# REQUIRED ACTION
The listing must be copied out in full and exactly; no images go with it.

======== EXERCISE DATA ========

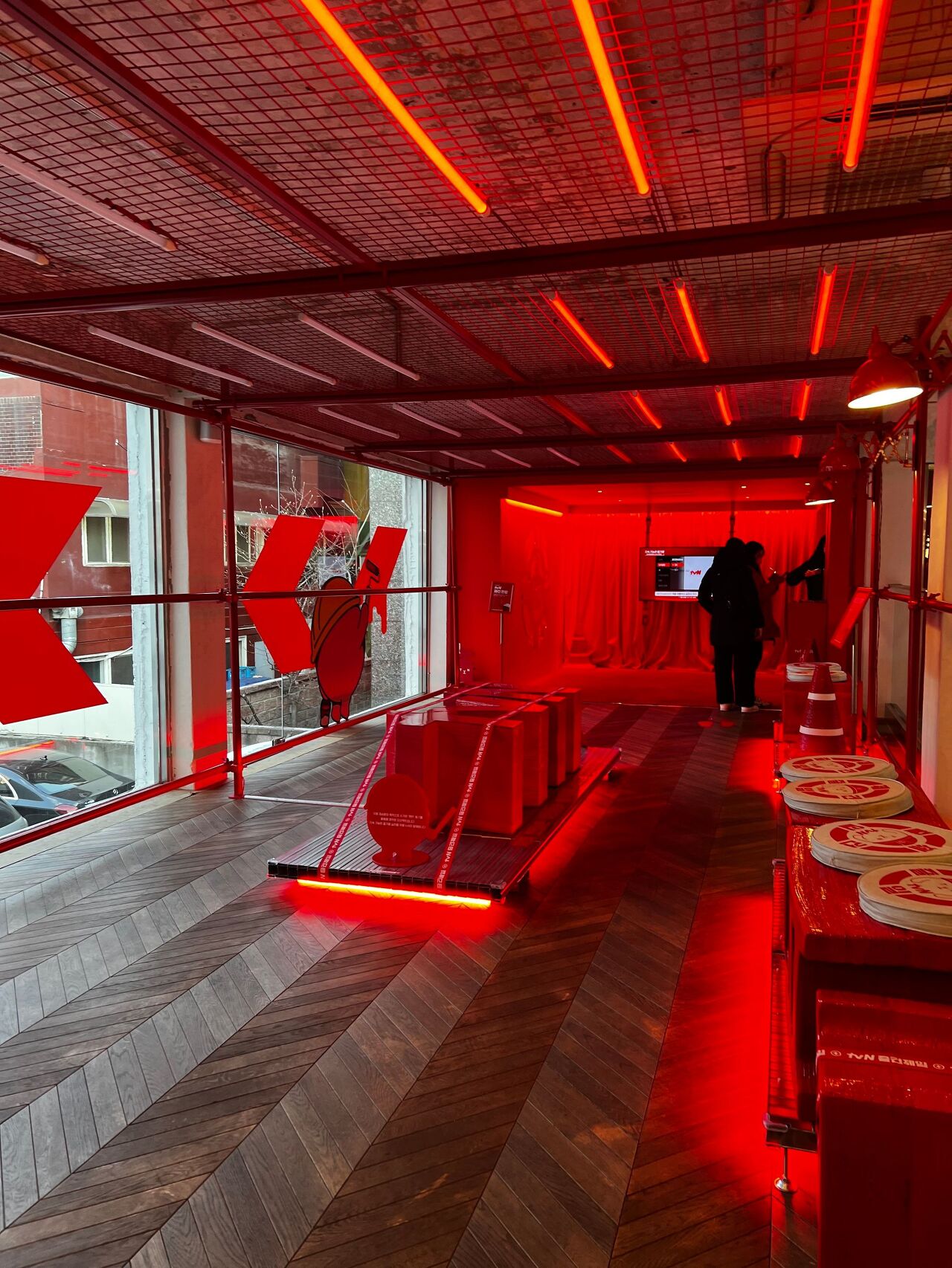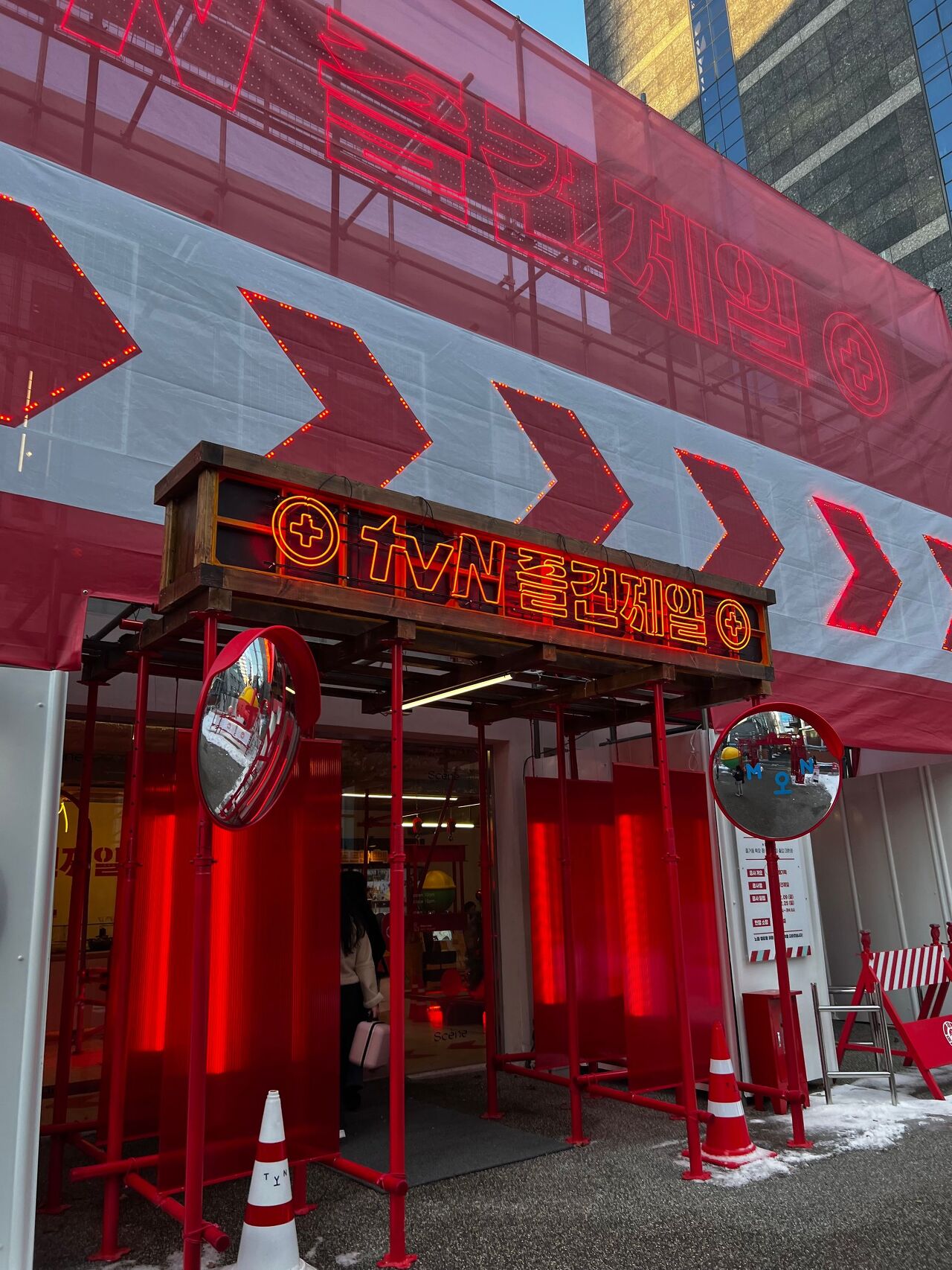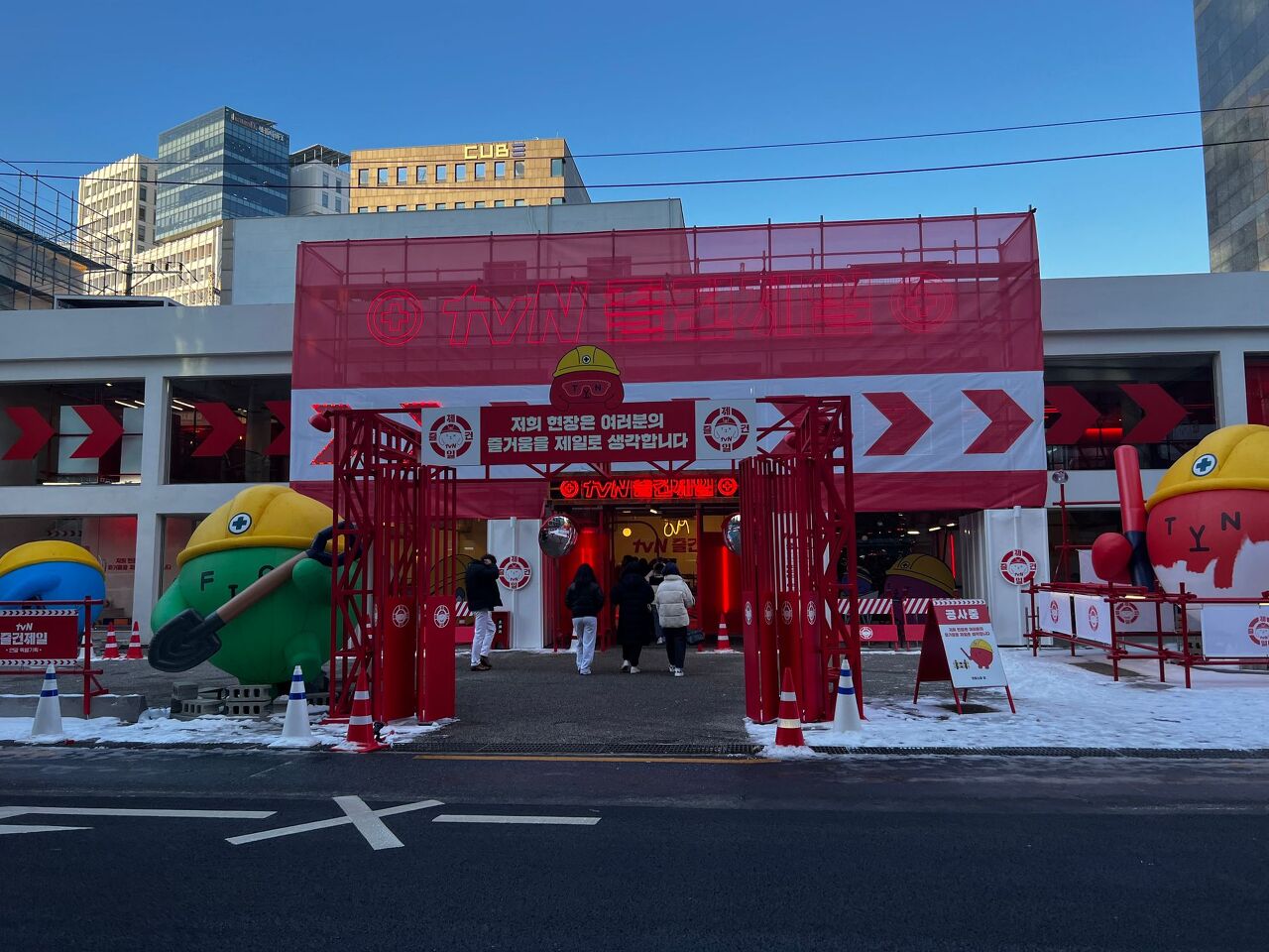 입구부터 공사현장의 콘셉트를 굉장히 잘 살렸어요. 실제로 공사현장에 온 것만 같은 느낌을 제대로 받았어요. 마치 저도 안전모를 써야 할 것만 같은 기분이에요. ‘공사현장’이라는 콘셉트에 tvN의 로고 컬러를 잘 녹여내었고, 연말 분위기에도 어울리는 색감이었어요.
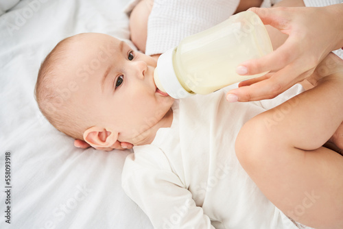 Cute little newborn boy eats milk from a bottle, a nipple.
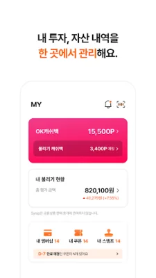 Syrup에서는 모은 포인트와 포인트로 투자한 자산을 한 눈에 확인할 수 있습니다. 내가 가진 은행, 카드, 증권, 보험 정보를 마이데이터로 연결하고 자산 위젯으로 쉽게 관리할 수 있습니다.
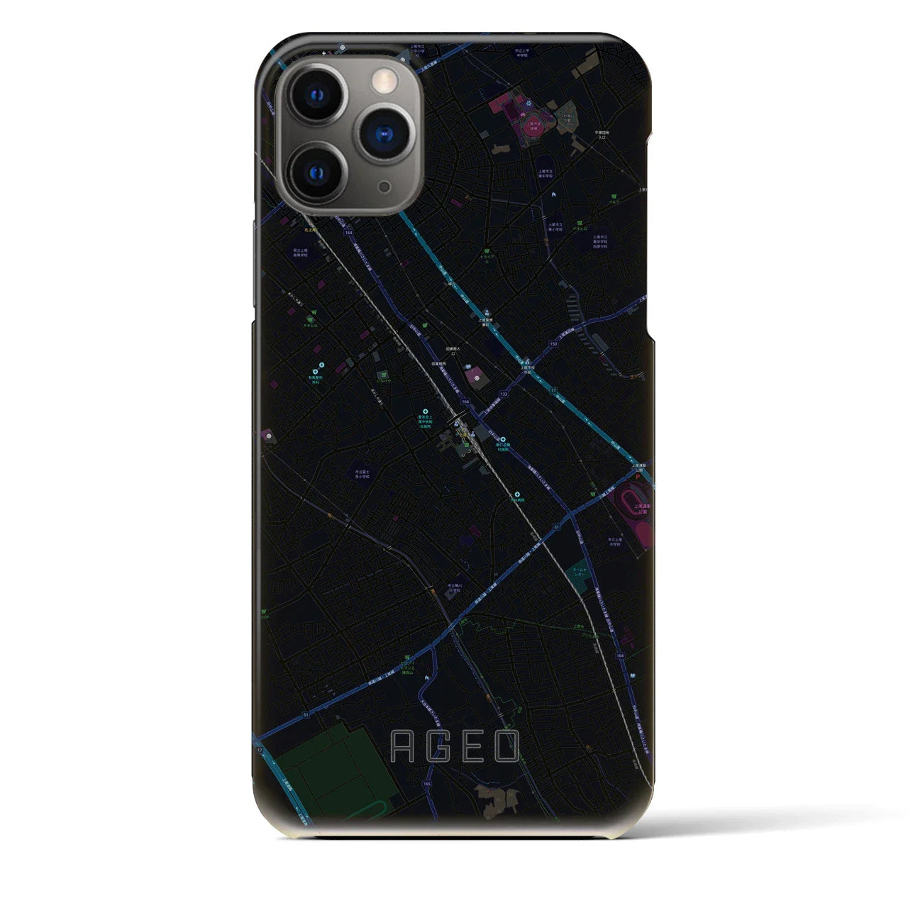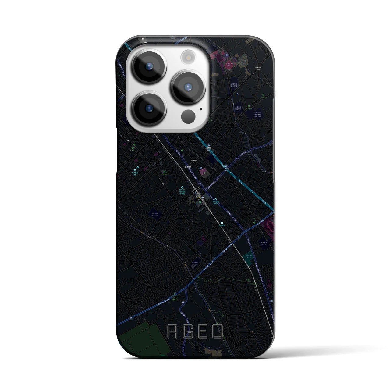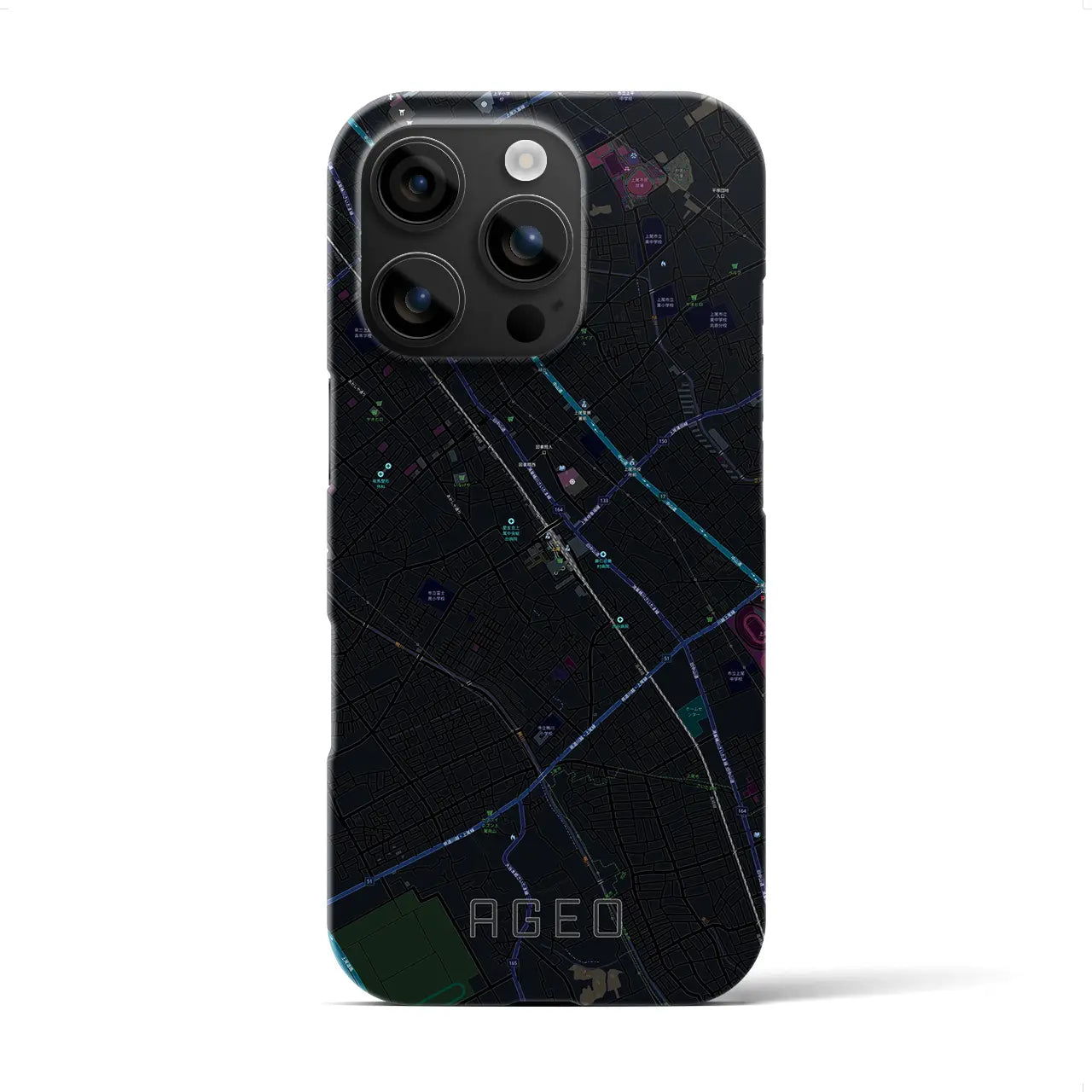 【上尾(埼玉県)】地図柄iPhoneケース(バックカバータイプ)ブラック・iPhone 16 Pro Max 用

========

# ANSWER AREA
 입구부터 공사현장의 콘셉트를 굉장히 잘 살렸어요. 실제로 공사현장에 온 것만 같은 느낌을 제대로 받았어요. 마치 저도 안전모를 써야 할 것만 같은 기분이에요. ‘공사현장’이라는 콘셉트에 tvN의 로고 컬러를 잘 녹여내었고, 연말 분위기에도 어울리는 색감이었어요.
 Cute little newborn boy eats milk from a bottle, a nipple.
 Syrup에서는 모은 포인트와 포인트로 투자한 자산을 한 눈에 확인할 수 있습니다. 내가 가진 은행, 카드, 증권, 보험 정보를 마이데이터로 연결하고 자산 위젯으로 쉽게 관리할 수 있습니다.
 【上尾(埼玉県)】地図柄iPhoneケース(バックカバータイプ)ブラック・iPhone 16 Pro Max 用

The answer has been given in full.